→ **Exercise aim**
Type out the lines below exactly, from the first through the line holding "Daudzlīmeņu stāvvieta ar", and include no pictures.

→ **Recorded data**

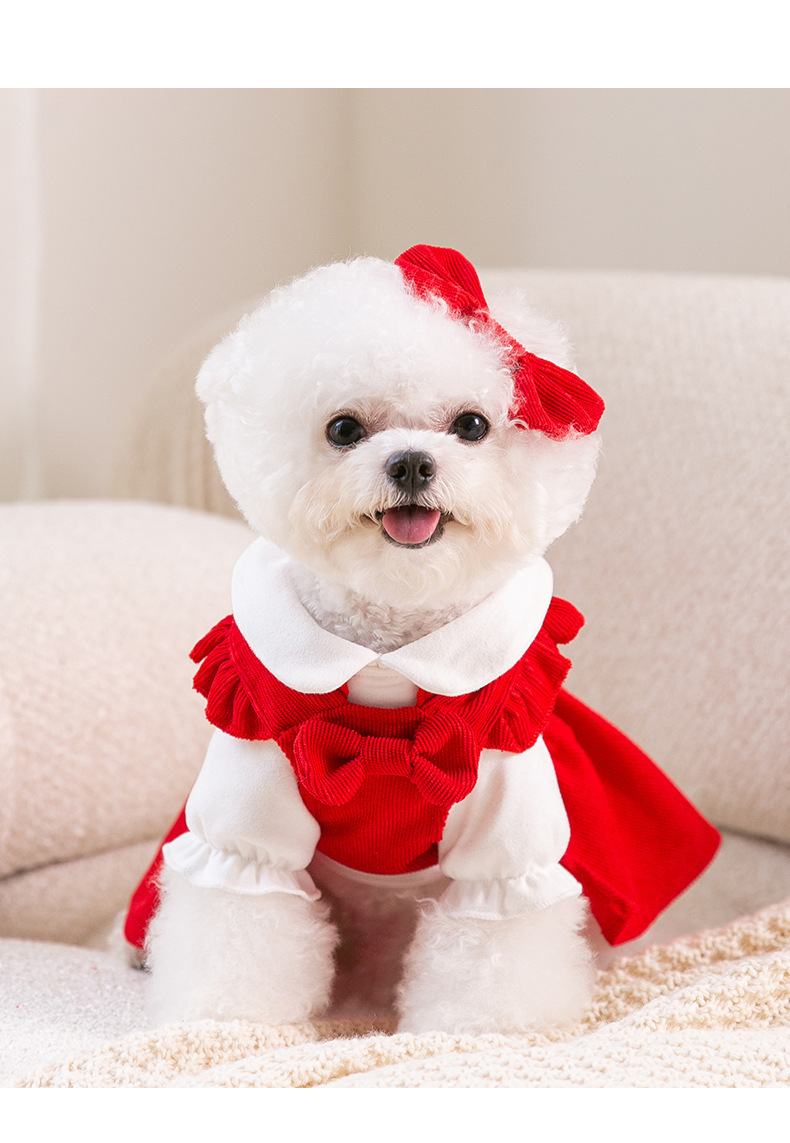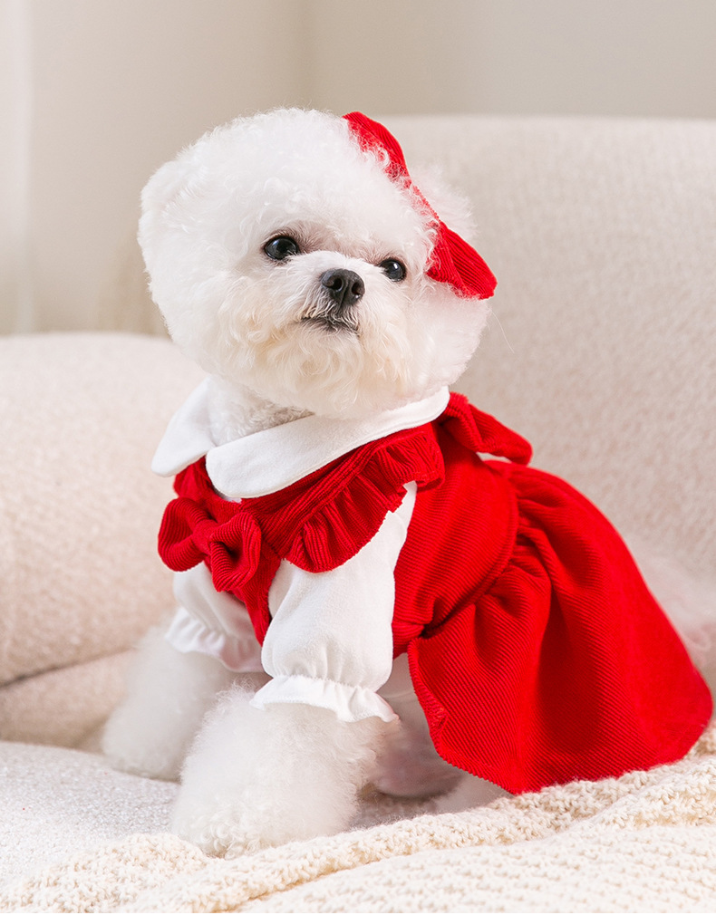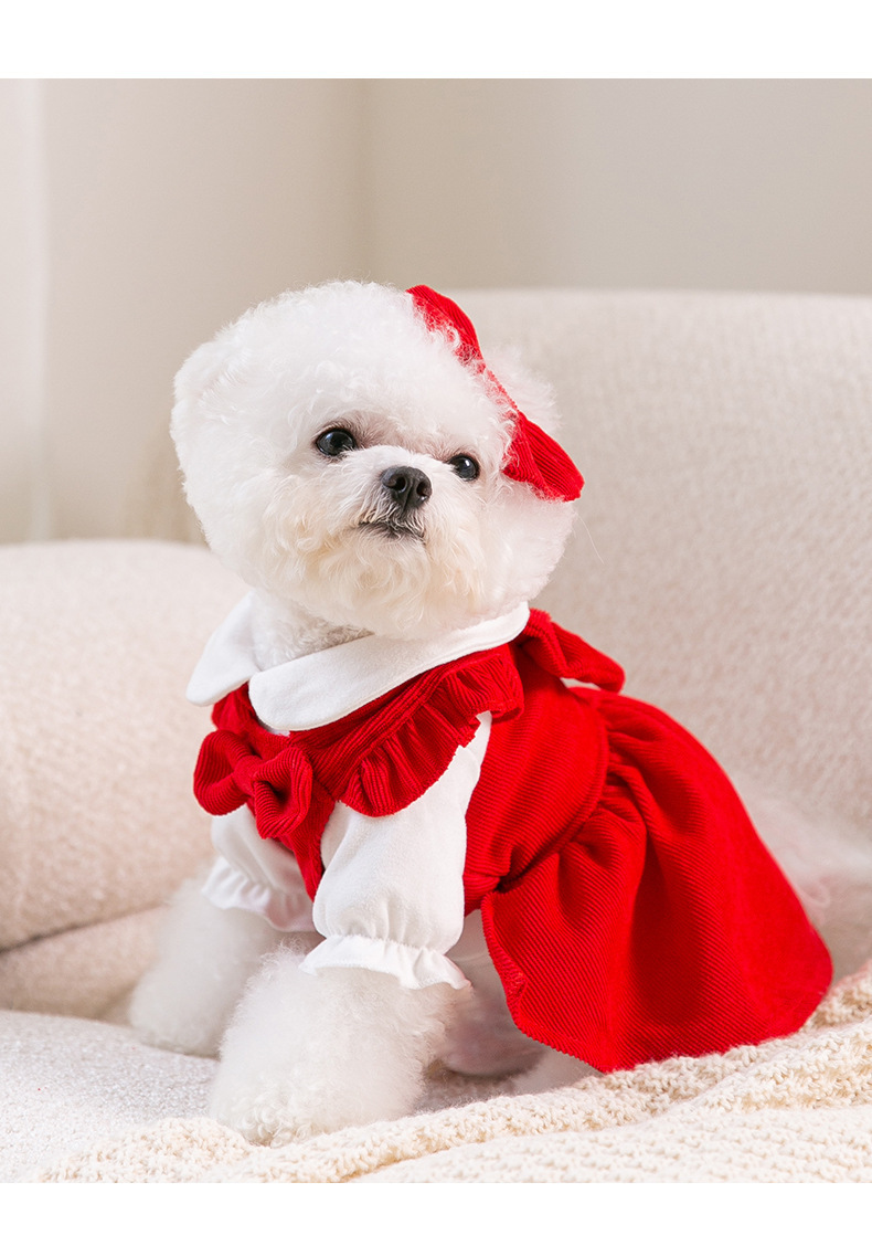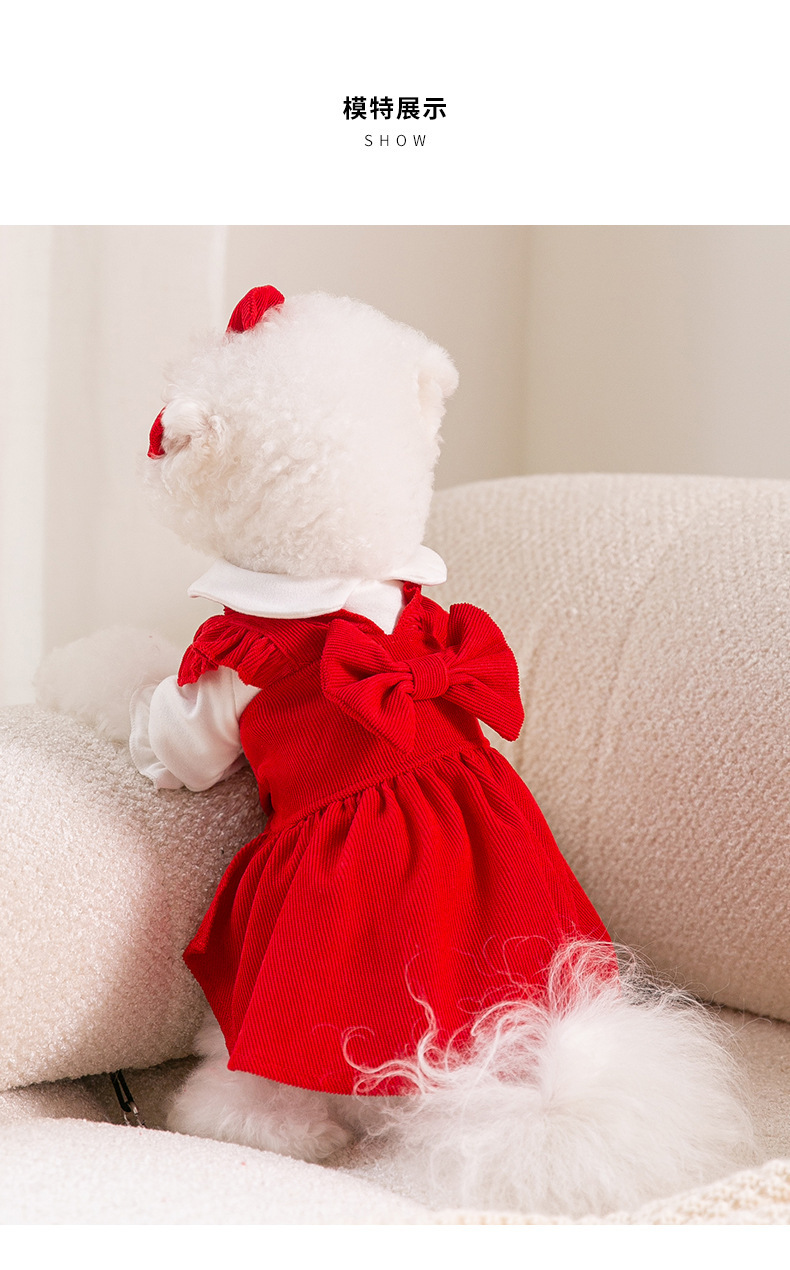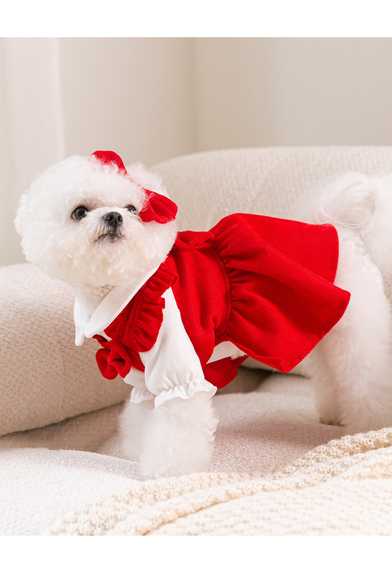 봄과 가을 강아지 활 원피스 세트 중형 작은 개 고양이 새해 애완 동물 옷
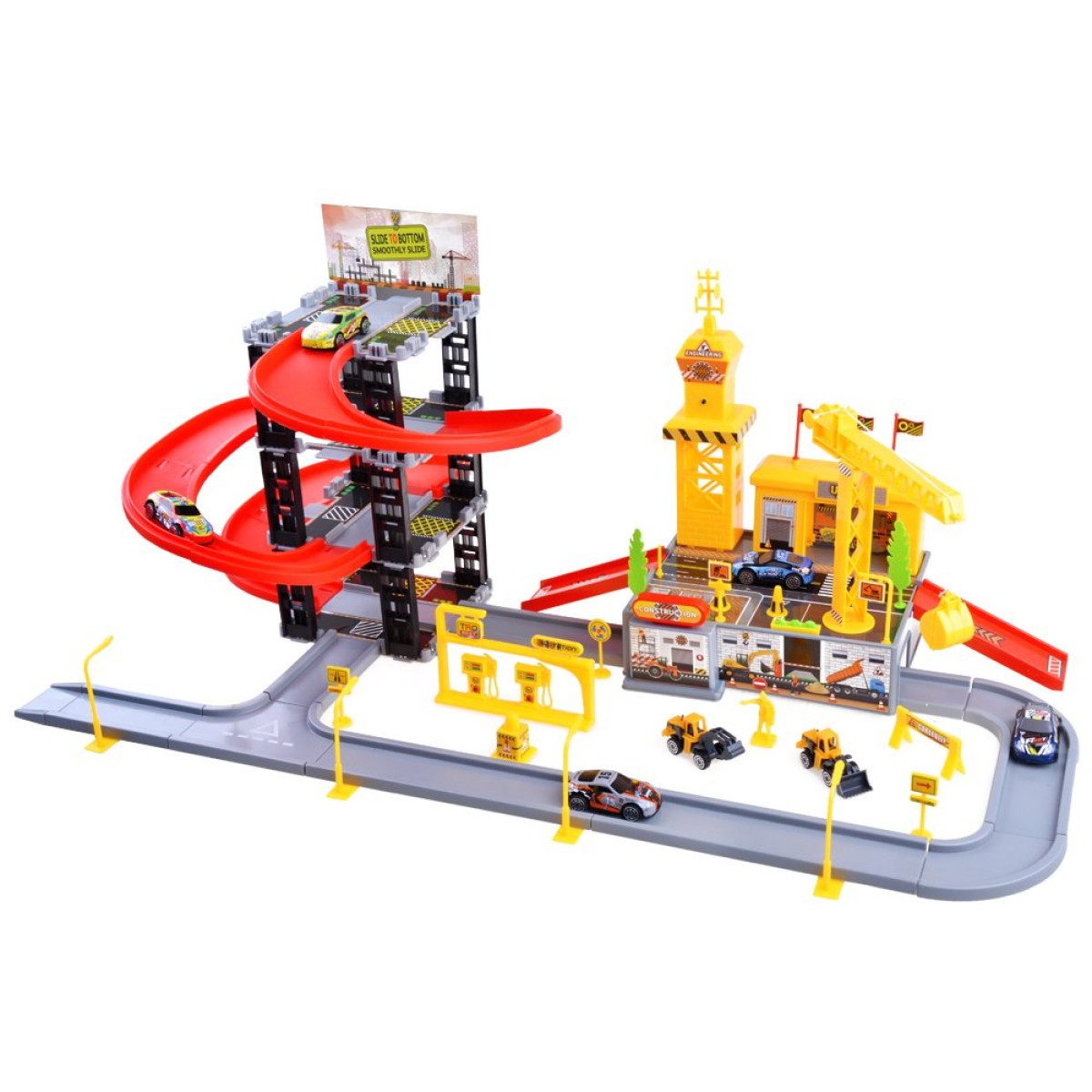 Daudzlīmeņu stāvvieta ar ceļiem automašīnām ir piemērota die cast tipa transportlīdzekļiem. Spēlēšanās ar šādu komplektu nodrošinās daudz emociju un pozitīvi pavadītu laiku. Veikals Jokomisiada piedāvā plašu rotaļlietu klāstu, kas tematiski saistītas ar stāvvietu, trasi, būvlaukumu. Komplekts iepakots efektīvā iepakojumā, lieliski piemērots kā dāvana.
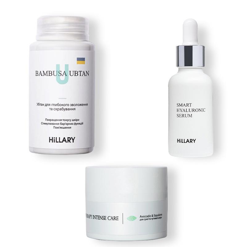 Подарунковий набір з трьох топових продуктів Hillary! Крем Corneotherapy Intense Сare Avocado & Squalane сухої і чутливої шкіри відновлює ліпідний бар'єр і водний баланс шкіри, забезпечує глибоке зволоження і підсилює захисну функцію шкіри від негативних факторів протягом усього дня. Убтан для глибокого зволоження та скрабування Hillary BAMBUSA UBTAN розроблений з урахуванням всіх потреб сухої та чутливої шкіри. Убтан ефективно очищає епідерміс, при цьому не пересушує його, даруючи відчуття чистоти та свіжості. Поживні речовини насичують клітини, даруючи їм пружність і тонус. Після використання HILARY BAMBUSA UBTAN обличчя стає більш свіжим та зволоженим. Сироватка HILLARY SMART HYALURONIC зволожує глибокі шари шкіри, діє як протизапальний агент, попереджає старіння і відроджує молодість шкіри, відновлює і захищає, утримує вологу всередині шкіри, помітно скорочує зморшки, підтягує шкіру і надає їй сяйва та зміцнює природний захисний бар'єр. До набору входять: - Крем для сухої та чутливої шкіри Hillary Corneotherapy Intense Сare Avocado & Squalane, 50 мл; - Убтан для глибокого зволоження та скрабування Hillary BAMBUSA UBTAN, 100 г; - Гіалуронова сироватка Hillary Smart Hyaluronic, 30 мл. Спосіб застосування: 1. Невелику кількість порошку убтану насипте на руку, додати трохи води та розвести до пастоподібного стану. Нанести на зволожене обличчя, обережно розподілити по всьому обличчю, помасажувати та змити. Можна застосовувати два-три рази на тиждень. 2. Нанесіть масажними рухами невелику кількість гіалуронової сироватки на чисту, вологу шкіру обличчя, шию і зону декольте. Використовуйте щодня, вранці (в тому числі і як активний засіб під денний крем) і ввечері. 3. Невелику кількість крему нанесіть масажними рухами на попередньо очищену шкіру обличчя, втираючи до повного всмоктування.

→ **Output for this exercise**
 봄과 가을 강아지 활 원피스 세트 중형 작은 개 고양이 새해 애완 동물 옷
 Daudzlīmeņu stāvvieta ar ceļiem automašīnām ir piemērota die cast tipa transportlīdzekļiem. Spēlēšanās ar šādu komplektu nodrošinās daudz emociju un pozitīvi pavadītu laiku. Veikals Jokomisiada piedāvā plašu rotaļlietu klāstu, kas tematiski saistītas ar stāvvietu, trasi, būvlaukumu. Komplekts iepakots efektīvā iepakojumā, lieliski piemērots kā dāvana.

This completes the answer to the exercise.